Example of a case (Slide_25) judged as dVIN with >90% agreement during both rounds of assessment. (A) Histologic features associated with dVIN (thickened epithelium, eosinophilic appearance, hyper and parakeratosis) can be observed under low magnification. Examination under higher magnification (B, C) shows heterogeneity in nuclear size and shape, mitotic figure, individual cell keratinization and cobblestone appearance (D) p53‐IHC was judged as diffuse overexpression with >90% agreement.

Figure 4

Example of a case (Slide_14) judged as dVIN with >90% agreement during both rounds of agreement. (A) Histologic features associated with dVIN (thickened epithelium, eosinophilic appearance, hyper and parakeratosis) can be observed under low magnification.
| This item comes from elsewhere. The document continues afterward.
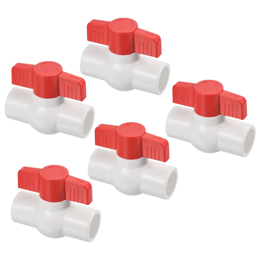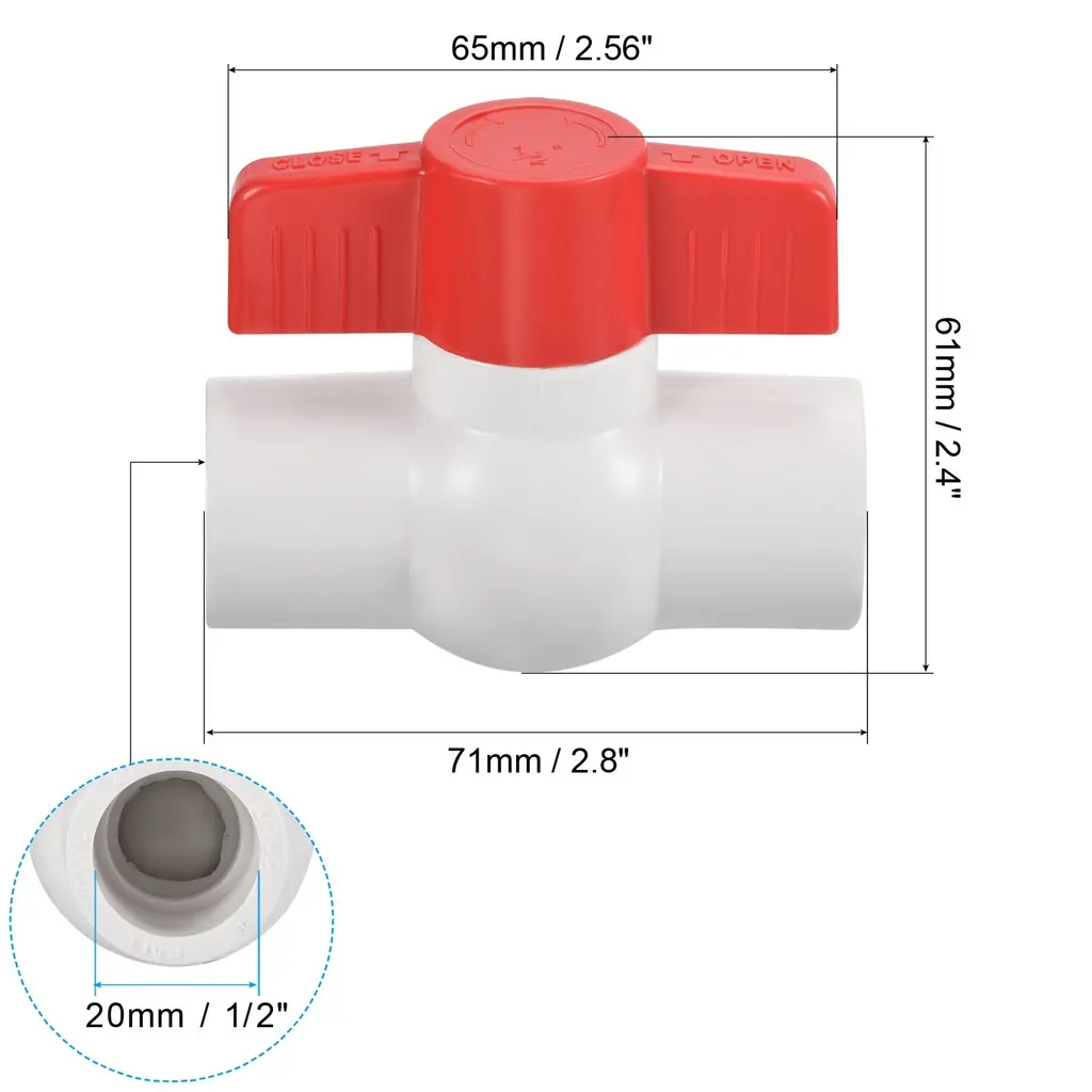 Color: White, Material: UPVC, Inner Diameter: 20mm / 1/2 Inch, Handle Length: 65mm / 2.56 Inch, Size: 71 x 61mm / 2.8 x 2.4 Inch (L*H), Packing List: 5 x UPVC Ball ValveAdvantage: Made of UPVC, the weight is lighter than metal fittings, the impact strength is high, it is not easy to rust and scale, and it is firmly installed; the butterfly handle with manual on/off control is easy to operate; the overall polishing treatment makes the pipe fittings beautiful and wear-resistant, and the water flow is smooth, The water pipe connection method is glued.INSTRUCTION: Made of UPVC material, smooth plastic tubes with corresponding outer diameters at both ends are bonded by glue.Application: UPVC Ball Valve Fittings is a straight-through valve connecting two pipes in the same direction, ball valves use a spherical disc to control flow between pipes, pipes, or hoses. Suitable for indoor and outdoor use such as sewer pipes, daily household, landscape and farmland irrigation, swimming pools, cold water, ventilation, waste applications, aquaculture, and agricultural irrigation systems.NOTE: Wear gloves to operate. The end of the casing should be smooth and tidy. Do not apply too much adhesive to the UPVC material. Regularly check during use, and replace it in time if it is aging.UPVC Ball Valve Fittings is a straight-through valve connecting two pipes in the same direction, ball valves use a spherical disc to control flow between pipes, pipes, or hoses. Suitable for indoor and outdoor use such as sewer pipes, daily household, landscape and farmland irrigation, swimming pools, cold water, ventilation, waste applications, aquaculture, and agricultural irrigation systems.Specification Color: WhiteMaterial: UPVCInner Diameter: 20mm / 1/2 InchHandle Length: 65mm / 2.56 InchSize: 71 x 61mm / 2.8 x 2.4 Inch (L*H)Packing List: 5 x UPVC Ball ValveAdvantage Made of UPVC, the weight is lighter than metal fittings, the impact strength is high, it is not easy to rust and scale, and it is firmly installed; the butterfly handle with manual on/off control is easy to operate; the overall polishing treatment makes the pipe fittings beautiful and wear-resistant, and the water flow is smooth, The water pipe connection method is glued.Instruction Made of UPVC material, smooth plastic tubes with corresponding outer diameters at both ends are bonded by glue.NOTE Wear gloves to operate. The end of the casing should be smooth and tidy. Do not apply too much adhesive to the UPVC material. Regularly check during use, and replace it in time if it is aging.

Examination under higher magnification (B, C) shows extensive nuclear atypia, hyperchromatic nuclei and individual cell keratinization (D) p53‐IHC was judged as cytoplasmic expression with >90% agreement.

Figure 5

Case (Slide_2) that did not have a majority diagnosis during the first round of assessment (50% diagnosed as dVIN or favor dVIN and 50% diagnosed as no‐VIN or favor no‐VIN). (A) Histological features of atypia are barely observable under low magnification. (B, C) Higher magnification examination reveals subtle nuclear atypia, that is, nuclear angulation and hyperchromatic nuclei (D) p53‐IHC was judged as null‐pattern with 100% agreement, and the majority diagnosis changed to dVIN/favor dVIN during the second round of assessment; inset shows an area with stromal p53‐expression.

Figure 6

Example of a case (Slide_1) where the majority diagnosis changed from no‐VIN/favor no‐VIN to dVIN/favor dVIN during the second round of assessment (A) Low power examination shows prominent parakeratosis, eosinophilic appearance of the epithelial cells, and occasional hyperchromatic nuclei (B, C) Higher magnification examination reveals features of nuclear atypia and individual cell keratinization (D) p53‐IHC was judged as diffuse overexpression >90% agreement.